When jobs are on the line can the skills of inquiry leader, readers' advisor, resourceful collaborator, curator, promoter, event planner, independent learning expert, blended-learning educator, collection developer, acquisitions staff, indexer, evaluator, weeder, early-adopter, maker/designer, cross-pollinator, community and service-learning practitioner, etc. add value to the title of Librarian and therefore help increase the brand? Or...does sticking to a title like Librarian put people in jeopardy of being thought of as antiquated keeper of books. After all, this is what is portrayed in pop culture and sometimes reinforced by a few untrained, unwilling, or lazy bad apples right? It's hard when a school only has one and he/she fits the stereotype of someone who sits behind a desk and refers to resources as "my collection." If that's a librarian then yes, it's no surprise that the position may end up cut and replaced by more dynamic cheaper staffing with a glitzy title but little training. This has happened across the United States where we say we value literacy. Why? Is the position misunderstood? Are Librarians to busy or too humble to promote their work and the outcomes of teacher and student collaborations and achievements beyond postings and meetings with their own colleagues or beyond their schools or professional organizations? 
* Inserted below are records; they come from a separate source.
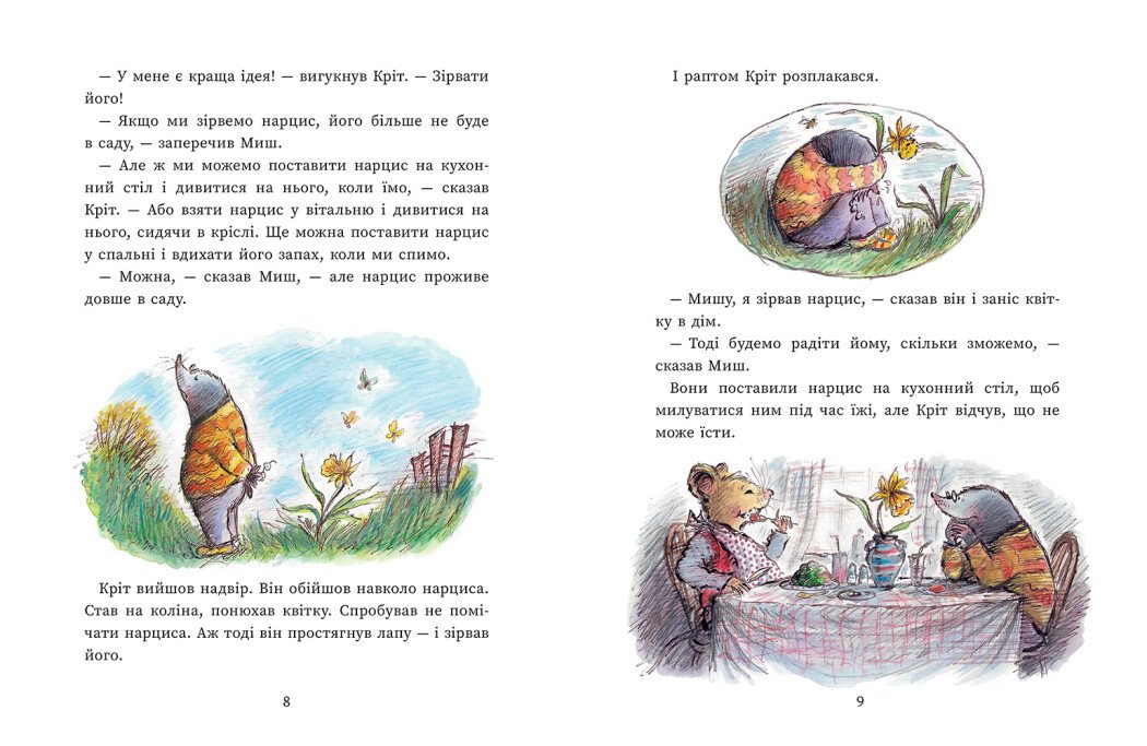 Книжка для родинного читання «Миш і Кріт зустрічають несподіванки» продовжує серію історій відомої британської дитячої письменниці, авторки багатьох бестселерів Джойс Данбар. У Миша і Крота бувають різні пригоди, часто геть несподівані, але головне, що друзі поруч і завжди готові підказати одне одному правильні дії, підтримати або просто разом зустріти щось неочікуване.
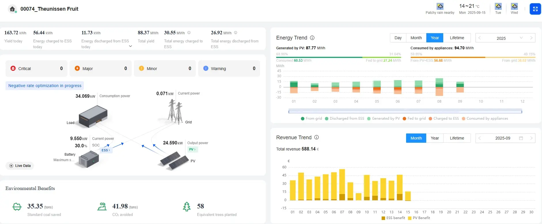 In Voeren kiest Theunissen Fruit voor een toekomst waarin landbouw en technologie hand in hand gaan. Met een PV-installatie van 115 kWp en een batterijopslag (BESS) van 100 kW / 200 kWh optimaliseert het familiebedrijf zijn energieautonomie.
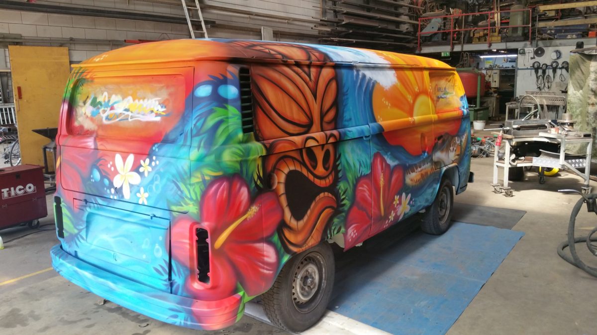 Het idee is dus de VW te verhuren. Als food truckje of als DJ boot –spreek uit: ‘boeht’ voor disc jockeys met stijl.
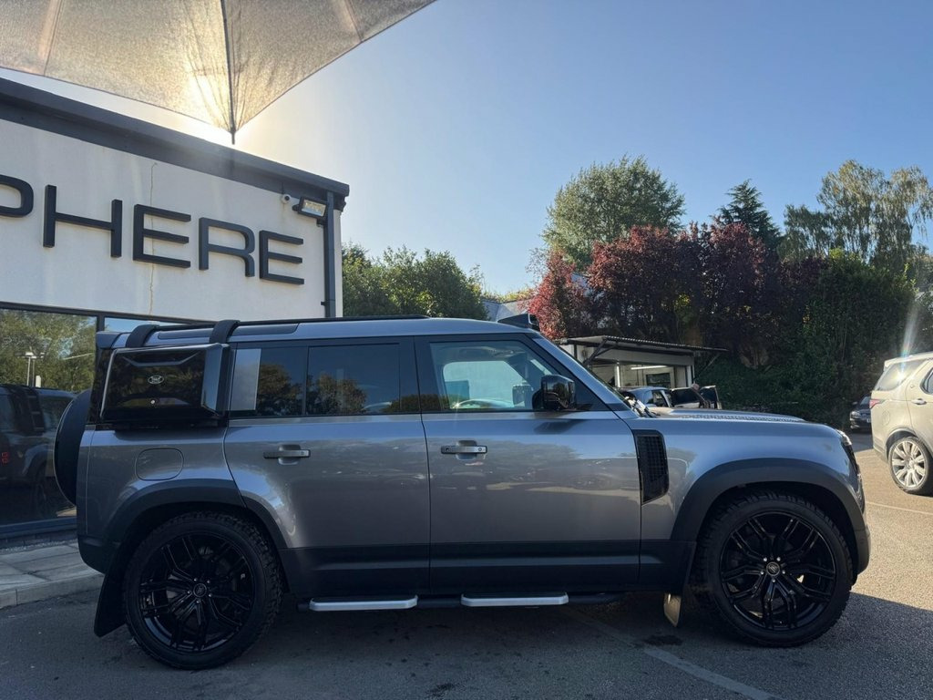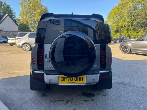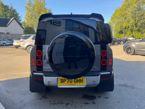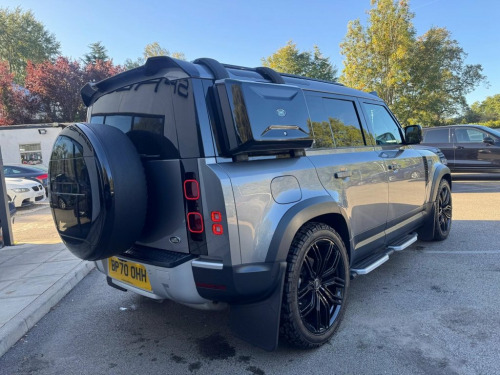 This is a Land Rover Defender 110, registered in 2021, in the HSE trim. As a car with four-wheel drive and a 2.0-litre diesel engine, this SD4 HSE variant boasts very low mileage of only 24391 miles. It comes equipped with 20-inch alloy wheels in a stylish satin dark grey five-spoke design. The interior is enhanced by a Meridian Surround Sound System, ensuring an immersive audio experience. For added convenience, it features an electrically deployable tow bar and keyless entry. The front seats offer 14-way adjustability, with heating, cooling, electric memory, and 4-way manual headrests. This Defender 110 is Euro 6 compliant and has a towing weight of 3500 kg. The acceleration of 0-60mph in 8.7 seconds demonstrates its responsive performance, setting it apart from similar vehicles. 10in Touchscreen, 14-Way Heated and Cooled Electric Memory, 20in Alloy Wheels - Style 5095 - 5 Split, 20in Alloy Wheels - Style 5098 - 5 Spoke, 20in Full Size Spare Wheel, 360 Degree Parking Aid, 3D Surround Camera, 40-20-40 Folding Rear Seats with Centre , ABS - Anti Lock Braking System, ACC - Adaptive Cruise Control, Adaptive Dynamics, Airbags - Driver, Airbags - Front Passenger, All Season Tyres, Android Auto, Apple CarPlay, Automatic Headlight Levelling, Automatic Headlights and Rain Sensing Wi, Black Exterior Pack, Blind Spot Assist, Cabin Lighting, Carpet Mats, Centre Console with Armrest, Clear Exit Monitor, ClearSight Interior Rear View Mirror, Click and Go Integrated Base Unit, Conn
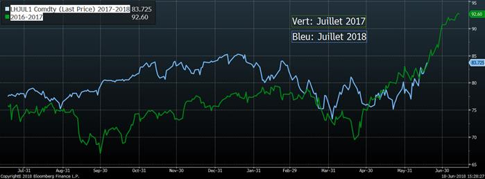 Pour l’instant, le prix du porc sur juillet continue sa tendance haussière et termine la séance d’aujourd’hui avec un gain de +2¢/lb ce qui permet au prix d’atteindre le plus haut sommet depuis la fin février à 83.82¢. Les prochaines résistances sont assez proches, à 84.00 ¢ et ensuite, ce sont les hauts de l’hiver dernier à 85.50 ¢/lb. Fort possiblement que le contrat de juillet peut continuer à s’apprécier, tout cela dépendra du moment où le prix cashralentira. Pour l’instant, ce n’est pas le cas avec un gain de +1.23¢ pour la journée de vendredi, avec un prix cash à 83.48¢ (indice CME à 82.86 demain matin, +1.42). L’an dernier, le cash avait plafonné à 92¢ à la mi-juillet ce qui a permis au contrat de juillet 2017 d’expirer à 92.60¢… le prix du CàT de juillet 2018 semble avoir la même trajectoire depuis quelques jours, on est au même prix que juillet 2017 à cette période de l’année… reste à voir jusqu’où ça ira!
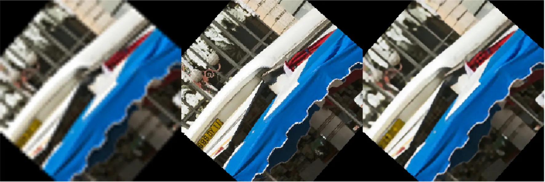 좌(Low Resolution Image) - 중(High Resolution Image) - 우(Super Resolution Image)
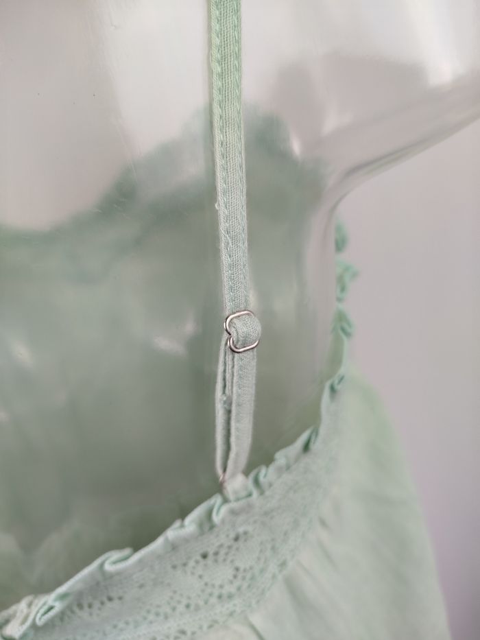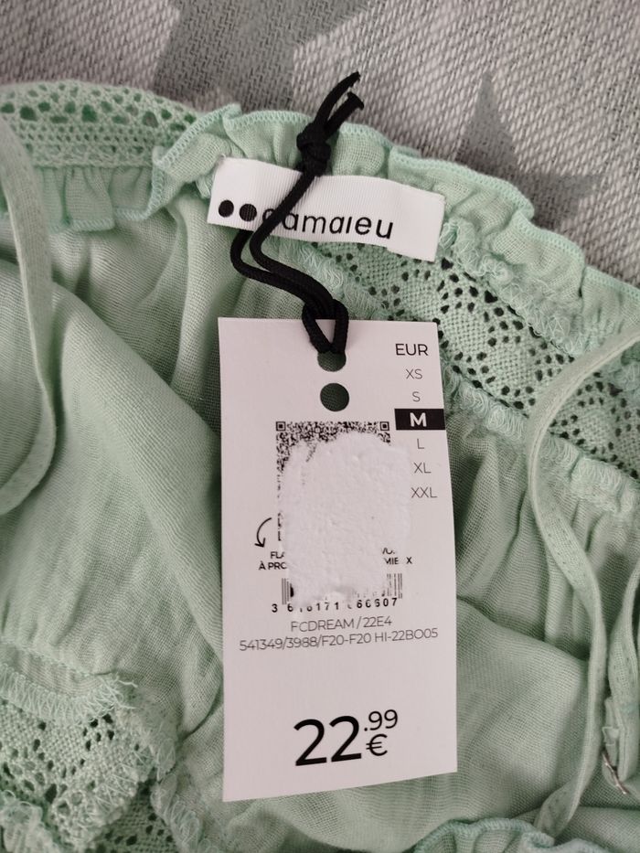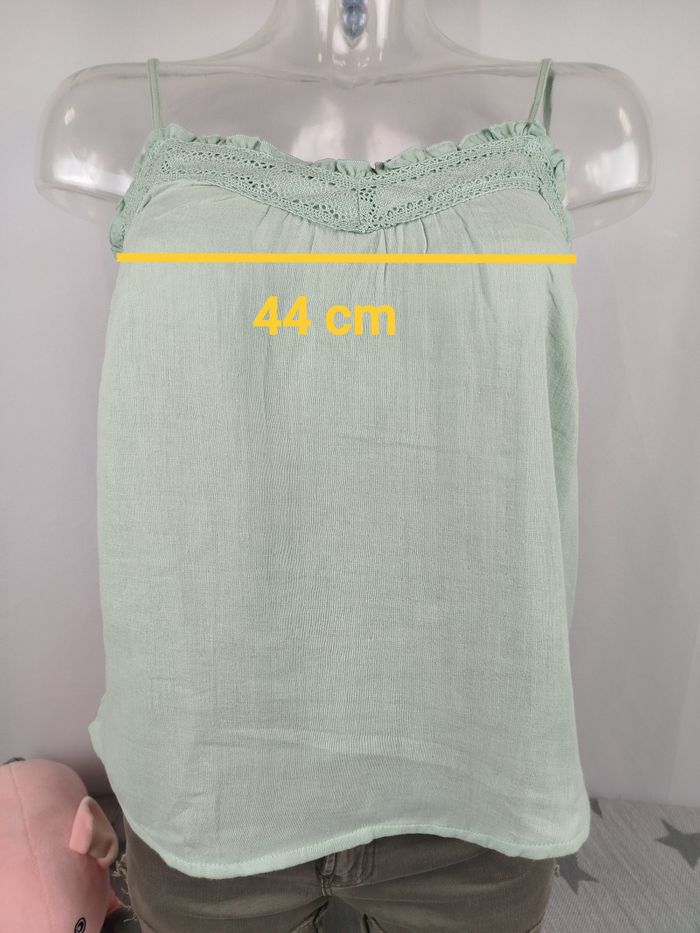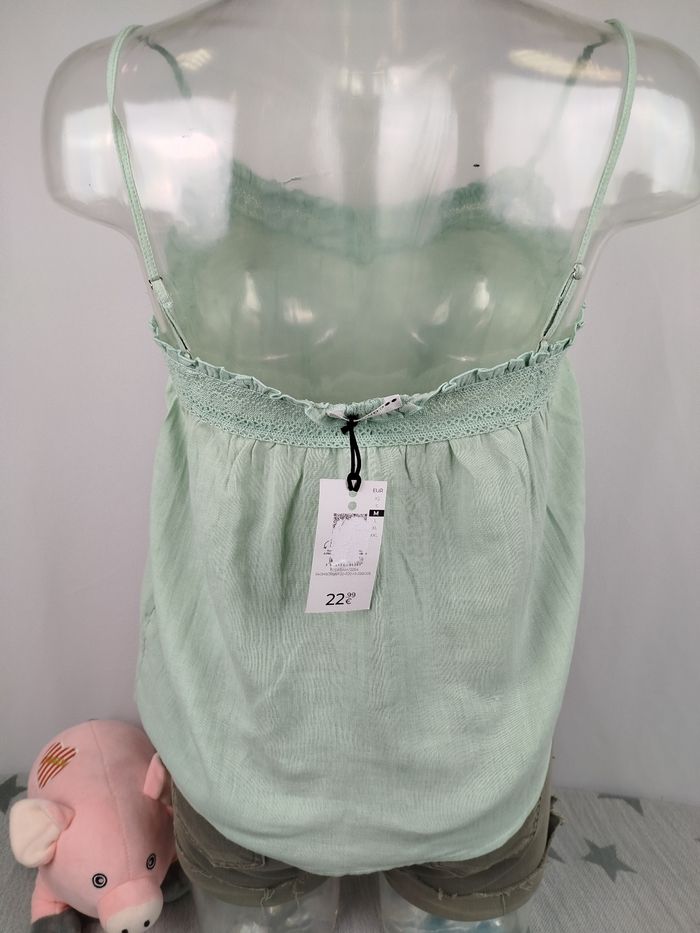 Envoi rapide ✈️ et soigné 🫧 Pour les lots contactez moi 🛍️ Tout est négociable 💰 Je réponds rapidement 📨 Pensez à visiter mon dressing Top court blouse débardeur femme de la marque camaïeu Coloris vert d'eau 100% coton Bretelles réglables Taille 2/M/38-40 Jamais porté avec étiquette d'origine
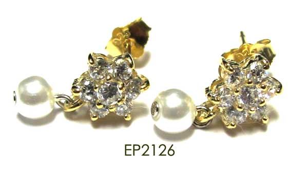 Sterling Silver-GD-CZ Flower Earring
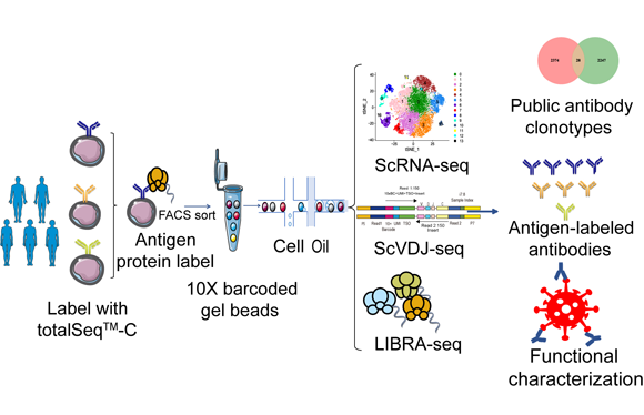 目前,全球已有超过1.6亿人确诊感染新型冠状病毒肺炎,超过340万死亡,严重危害全球公众健康。体液免疫应答抗是抵抗新冠病毒感染主力军之一,探究新冠病毒感染康复者体液免疫的应答机制,特别是新冠病毒特异的B细胞免疫应答情况,对新冠疫苗的设计以及相关治疗性抗体的研发具有重要意义。然而,目前对特异B细胞的免疫应答了解非常有限。

It baffles me that districts and schools would cut, let alone, not add more high-quality Librarians because: 

-A high-quality Librarian works with and knows every student and every teacher over time. The personal interactions go way beyond circulation numbers. 
-He/she has unique insight into each individual and understands their interests, their needs, and their skills because he/she has helped teach the students across subject areas and often knows what information and diversions the seek on an independent level through helping to find print, electronic, expert, and community resources.
-Today's Librarian has a multitude of skills and is open-minded and excited to develop and grow with new students, new knowledge, new understandings, new technology, and new strategies for how, when, why, where and what humans learn and teach. 
-Librarians are lucky; their approaches to teaching and learning are untethered by a textbook and a classroom roster with one set of students and curriculum. 
-Librarians are connected with a multitude of patrons and potential resources. 
-Their teaching and learning skill sets involve working in and knowing and supporting everyone in the school, and connecting and helping them make sense of, evaluate, organize and utilize resources, ideas, and communities at an individual and global level. 
-Opening doors to the world through ongoing inquiry develops, uncovers, and hopefully challenges subject-area knowledge by encouraging teachers and learners to venture beyond the day to day didactic curriculum, to question, to push, and in turn apply their learning to create, make, and develop new ideas, strategies, models, systems and/or products and solutions. 

So should high-quality Librarians move beyond or embrace the title? What do you think? What's in a name?